New sculpture near Strip pays tribute to the Rat Pack


Yasmina Chavez

A 15-foot-tall, spiraling public art sculpture called “Spin Baby” by artist Wayne Littlejohn is unveiled at the intersection of Sammy Davis Jr., Frank Sinatra and Dean Martin Drives Monday, Nov. 25, 2019.

Published Mon, Nov 25, 2019 (3:30 p.m.)

Updated Mon, Nov 25, 2019 (6:45 p.m.)

A new sculpture behind the Strip pays tribute to old Las Vegas and the entertainers who helped put Las Vegas on the map.

Spin Baby is the creation of longtime Las Vegas artist Wayne Littlejohn.
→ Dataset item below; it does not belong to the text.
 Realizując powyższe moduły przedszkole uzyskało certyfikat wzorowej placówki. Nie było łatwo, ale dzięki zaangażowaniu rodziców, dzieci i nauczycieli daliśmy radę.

It commemorates the Rat Pack — whose prominent members included Frank Sinatra, Dean Martin, Sammy Davis Jr., Peter Lawford and Joey Bishop, who spent much of their time entertaining in Las Vegas.
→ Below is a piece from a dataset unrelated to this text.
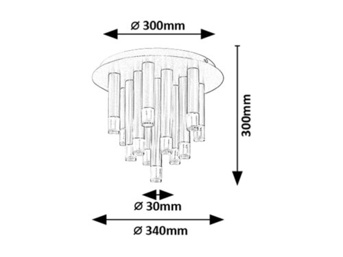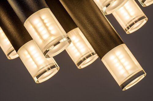 Rabalux Ramira stropní lampa je primárně doporučena pro ty, kteří hledají moderní lampu s unikátním vzhledem, kterou lze integrovat téměř do jakéhokoli prostoru jejich domova. Tento spektakulární model je vyroben z kovu v elegantní černé barvě. Lampa má transparentní akrylové stínidla, která doplňují hlavní světelné prvky. Lampa může být připevněna ke stropu pomocí velké kulaté dekorativní základny. Tento design je kombinován s válcovými lampovými prvky různých délek, připomínající rampouchy nebo ještě více, visící stalaktity. Stropní lampa je ideální pro obývací pokoj, kuchyň, jídelnu nebo ložnici. Může být použita s 13 žárovkami, každá s výkonem až 5 W. Typ patice je G9. Díky velkému počtu žárovek má lampa výraznou světelnou intenzitu. Je dodávána bez světelných zdrojů.

The stainless steel vintage microphone enveloped in a smoke-like swirl evokes imagery of the Las Vegas lounges and clubs from the 1950s and 60s.
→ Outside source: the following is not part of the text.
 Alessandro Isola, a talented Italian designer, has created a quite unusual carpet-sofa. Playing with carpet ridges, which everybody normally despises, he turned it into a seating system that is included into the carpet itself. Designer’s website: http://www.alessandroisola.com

“I had a feeling I was trying to capture,” he said. “I was trying to get the aura of midcentury Las Vegas but still be modern with it.”

One of the steel smoke plumes angled at the top of the microphone is meant to look like a tipped fedora, Littlejohn said.

“It’s a nod to Humphery Bogart, the original leader of the Rat Pack,” he said.

The $200,000 project is part of the Clark County Arts Plan and was funded through hotel room and ad valorem taxes.

Littlejohn said he plans to install lights in the sculpture that will illuminate as cars drive by at night to represent the way the Rat Pack would gallivant along the Strip until the sun came up.

The sculpture’s location — at the intersection of Frank Sinatra, Dean Martin and Sammy Davis Jr. drives — was important to Littlejohn, who considers himself a “site-specific artist.”

Clark County Commissioner Tick Segerblom said some 20,000 vehicles a day pass the site and “that will continue to grow with tourism and the opening of Allegiant Stadium and properties such as Resorts World.” He said the sculpture further grows “a collection of locally created, world-class art in Las Vegas.”

“We’ve always been the type of place where every 10 years we change,” Segerblom said. “Now I think we’ve arrived in a place culturally where we can start to respect where we are and focus on the benefits local artists bring to us.”